Элементарные частицы и атом
Количество разнообразных элементарных частиц (бозоны, фермионы, лептоны, кварки, нейтрино и т. д. и т. п.) предсказанных теоретиками и обнаруженных (или пока не обнаруженных) экспериментаторами исчисляется нынче великим множеством. При этом ученые относятся к ним как к реальным объектам, исходно существующим в природе.
Но тут уместно вспомнить поучительное мнение выдающегося немецкого физика Вернера Гейзенберга, одного из основателей квантовой механики. Когда студенты стали спрашивать его про внутреннее устройство элементарных частиц, Гейзенберг попросил их взглянуть в окно, смотрящее на здание бассейна, и ответить на вопрос: люди, выходящие из здания одетыми в пальто, в самом бассейне плавают тоже в пальто? Гейзенберг правильно понимал, что элементарные частицы как таковые не существуют. Они возникают лишь в результате взаимодействия. Если перенести его точку зрения с элементарных частиц на атом, то можно сказать, что никаких электронов, протонов и нейтронов в атоме нет. Он из них не состоит. Они возникают лишь в момент взаимодействия атомов с электромагнитным полем или иным излучением, которое исследователь направляет на них. Такой взгляд позволяет обойтись без гипотезы Бора о фиксированных внутриатомных орбитах, по которым вращаются электроны. Бору пришлось постулировать, что отрицательно заряженный электрон может вращаться вокруг положительно заряженного ядра. Этот парадокс, противоречащий закону Кулона о притягивании разноименных зарядов, невозможно преодолеть ни моделью электрона в виде частицы, крутящейся по орбите вокруг ядра, ни моделью о размытой траектории в виде электронного облака. Но, если стать на позицию Гейзенберга, парадокс исчезает. Хотя Гейзенберг по сути прав, но модель Бора более наглядна и удобна для применения.
Формула E = mc2
Глядя на формулу E = mc2, почти любой скажет, что это – великая формула Эйнштейна о связи между энергией и массой. Но на самом-то деле кое-что тут не совсем так.

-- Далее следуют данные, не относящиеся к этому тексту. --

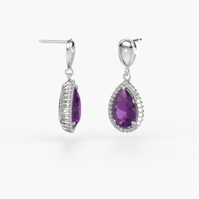 Mit einem Paar exklusiver Ohrhänger sticht jede Frau aus der Menge hervor. Bei DiamondsByMe kreieren wir exklusive und außergewöhnlichen Schmuck, und wir verwenden nur die besten Edelmetalle und Edelsteine. Diese exklusiven Platin Ohrhänger sind ein wahres Kunstwerk! Jedes kleine Detail wurde von unserem erfahrenen Juwelier mit Geduld und Leidenschaft gefertigt. Das erfordert ein scharfes Auge und eine geschickte Hand, damit der Ring sorgfältig zur Perfektion gebracht wird. Und genau darum bemühen sich unsere erfahrenen Goldschmiede- Perfektion! Die exquisiten Amethysten sind so gefasst, dass sie noch heller strahlen. Das verleiht den Tropf Ohrhänger einen zusätzlichen, glamourösen Look. Oben abgebildet sind unsere Platin Tilly per 1 Ohrhänger mit tropfen Amethysten. Die Tilly per 1 die Ohrringe werden von unserem Goldschmiedemeister in unserem eigenen Studio für Sie angefertigt.. Sobald Sie Ihren exklusive Ohrhänger mit unserem Online-Tool fertiggestellt haben, beginnen unsere Goldschmiede mit der kreativen Anfertigung Ihrer Ohrhänger. Dieser wird mit Leidenschaft und Sorgfalt nach alter Handwerkskunst gefertigt. Darüber hinaus sind unsere Edelsteine ehrlich gewonnen. Wenn Sie spezielle Änderungen an Ihren Tilly per 1 Ohrhänger vornehmen möchten, die in unserem Online-Tool nicht verfügbar sind, wenden Sie sich bitte an unsere Experten. Da wir unseren eigenen Schmuckstücken entwerfen und liefern, können wir Ihnen Ohrhänger zu einem Preis anbieten, den Sie nirgendwo anders finden. Ohrhänger werden auf Bestellung angefertigt, wodurch kein überschüssiges Material anfällt. So können wir Ihnen ein gutes Angebot zum besten Preis machen. Wir verstehen, dass es sich riskant anfühlt, Ihre Ohrhänger online zu kaufen. Jedoch helfen wir Ihnen gerne beim Designprozess unter Berücksichtigung Ihres Budgets. Um es einfacher zu machen, bieten wir eine kostenlose 30-tägige Rücksendung.

Во-первых, эту формулу придумал вовсе не Эйнштейн, а Пуанкаре. На это указал В. И. Арнольд в статье «Недооцененный Пуанкаре» (Успехи математических наук, 2006, т.61, № 1, с. 3–24). Причем, Эйнштейн, тщательно изучивший (по совету Минковского) теорию Пуанкаре, никогда не ссылался на первоисточник и только в 1945 году признался в этом. Кстати, знаменитые «преобразования Лоренца» в эйнштейновской специальной теории относительности тоже принадлежат не Эйнштейну и даже не Лоренцу, а всё тому же самому Пуанкаре.

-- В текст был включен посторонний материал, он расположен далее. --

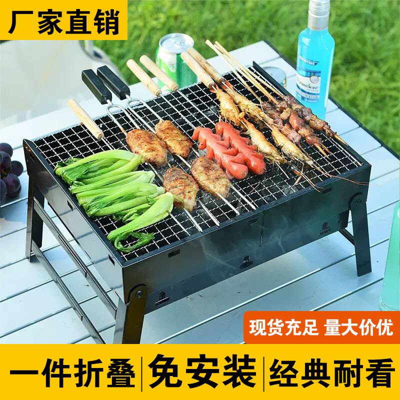 Pemanggang barbekyu, kompor arang luar ruangan rumah tangga lipat karbon ukuran kecil panggangan barbekyu set lengkap kompor baja hitam besar

Во-вторых, ничего особенно «великого» в выше приведенной формуле нет. Основываясь на правиле сохранения размерности физических величин, эту формулу легко мог бы вывести любой старшеклассник, причем, ad initio – без каких-либо предварительных сложных математических преобразований. Действительно, если левую часть выразить, к примеру, в джоулях, а массу в правой части в граммах, то коэффициент пропорциональности между ними неизбежно будет иметь размерность квадрата скорости. Это азбука физики. То, что это не просто скорость, а именно скорость света, легко получается путём подстановки численных значений E и m.
Пуанкаре, получив эту формулу в ходе сложных математических преобразований, отнёсся к ней как чистый теоретик, увлеченный лишь математическими изысками. Несомненной заслугой Эйнштейна является то, что он обратил на эту формулу пристальное внимание и осознал, как физик, что из массы можно черпать огромную энергию. Не случайно именно Эйнштейн впоследствии стал одним из создателей ядерной бомбы.

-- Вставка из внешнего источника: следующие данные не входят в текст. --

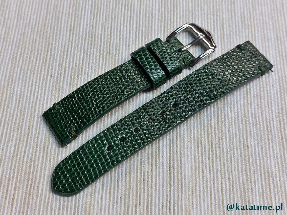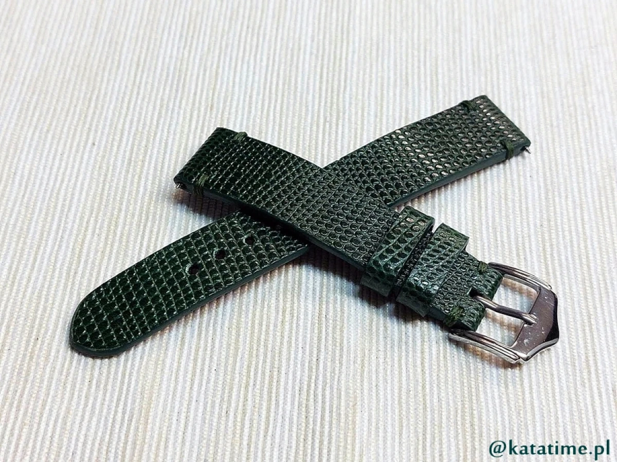 Spód paska wykonany jest także z naturalnej skóry w kolorze czarnym. Boki są lakierowane, w kolorze zielonym. Minimalne, prawie niewidoczne szycie przy teleskopach. Klamra stalowa, polerowana, w lekko witydżowym stylu.

В заключение уместно заметить, что многие «великие» формулы физики довольно тривиальны. Действительно, если какая-либо формула имеет вид функции Y = Z X, то коэффициент пропорциональности Z (размерность и её величина), устанавливающий связь между физическими параметрами X и Y, получается автоматически – путем деления Y на X. К примеру, в знаменитой формуле E = hν энергия E и частота ν связаны через постоянную Планка h, которая тривиальным образом просто выравнивает размерность правой и левой части формулы.
Дарвиновская теория и переходные виды
Еще каких-нибудь три десятка лет назад теория Дарвина была общепринятой и фигурировала в учебниках как закон природы. В наше время стало модным не только критиковать дарвинизм, но и говорить о его полной несостоятельности.
Отсутствие переходных видов при палеонтологических раскопках обычно выдвигается как один из сильнейших аргументов против эволюционной теории Дарвина (кстати, он сам прекрасно понимал «загвоздку» и писал об этом). Но фокус в том, что указанный аргумент исходит из предположения, кажущегося очевидным, что полезные признаки должны постепенно накапливаться и постепенно подвергаться естественному отбору.